Grâce à l’appui du FPI, cette structure contribue progressivement à modifier le modèle économique congolais. La RDC, longtemps dépendante des importations, commence désormais à produire localement et à exporter certains biens manufacturés. Une évolution qui améliore progressivement la balance commerciale nationale.

Plus de 1.500 emplois créés en cinq ans

Depuis son implantation, MES a généré 1 566 emplois directs et indirects. Pour Hervé Claude Batukonke, cette performance doit impérativement s’accompagner du respect des normes sociales et fiscales.

Le DG du FPI a insisté sur la nécessité d’offrir des emplois décents aux travailleurs congolais tout en honorant les obligations fiscales, notamment le paiement régulier de la Taxe de Promotion de l’Industrie.

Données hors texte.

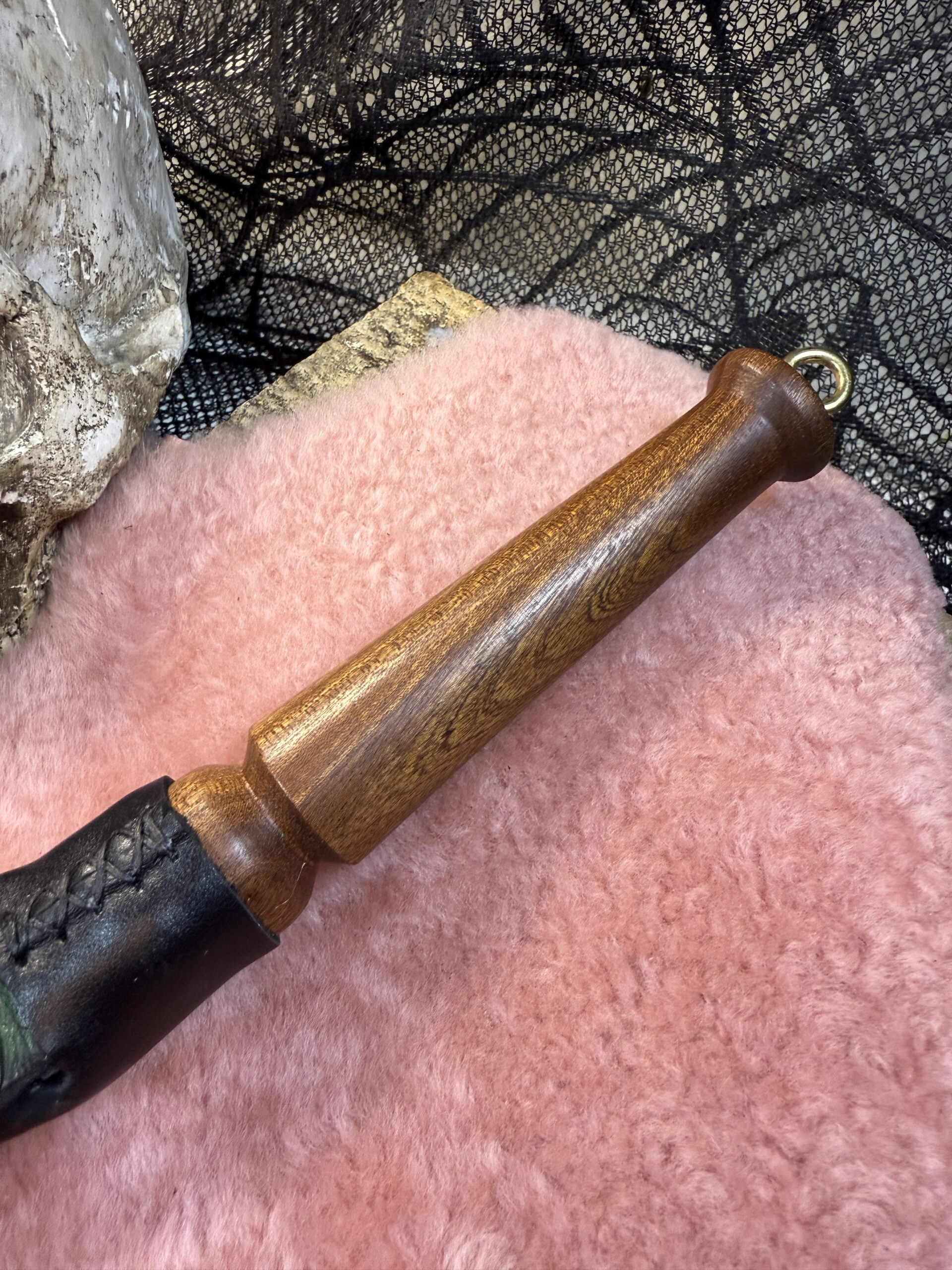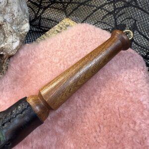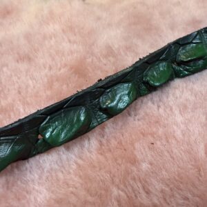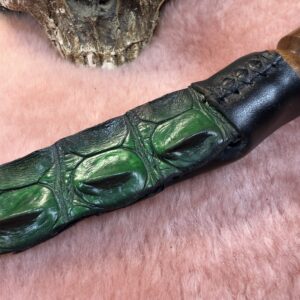 This short green coloured Alligator Back Strap Dragon Tail is made from ethically and sustainably source Alligator. This has a reclaimed wood handle. This is an intense sensation and has a lot of after bite depending on how you land it.The backstrap scales are very interesting for sensation and sting. Each tail will vary slightly as will the handle.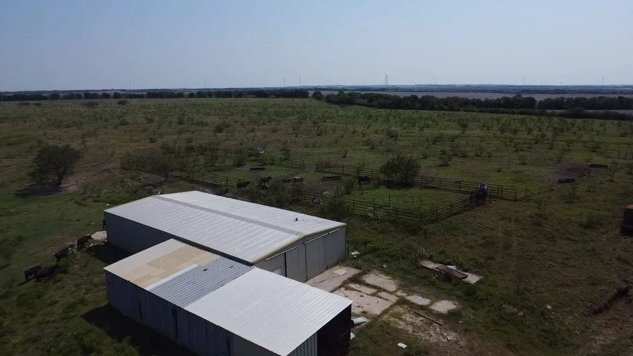 101.6 acres with strong native and improved grasses, gentle elevation changes, and views of the Central Texas prairie. Improvements include a single-wide mobile home, the shell of a concrete bunker-style house, a large metal hay barn, and stock tanks. A great property for grazing livestock, a homestead, or future building site.

Le groupe MES, qui a déjà remboursé 56 % des crédits obtenus auprès du FPI, sollicite aujourd’hui un financement complémentaire pour étendre ses activités. Une demande que le patron du FPI a soumise à une analyse approfondie avant toute décision.

PREMIDIS, STEELCO, Swista : Le FPI accélère la diversification industrielle

La mission du FPI s’est également poursuivie dans plusieurs autres unités industrielles du Haut-Katanga. La délégation a visité le projet PREMIDIS, actif dans les boissons gazeuses et les produits cosmétiques, l’usine Swista, ainsi que Bags and Sacks, spécialisée dans les emballages miniers et de ciment.

La société STEELCO, qui fabrique des lingots d’étain, des barres de fer et des tôles, a également reçu la visite du DG du FPI.

À travers cette tournée, Hervé Claude Batukonke entend renforcer une vision claire : soutenir des industries capables de créer de la valeur ajoutée locale, tout en imposant une culture de remboursement rigoureux des crédits publics et du respect des obligations fiscales.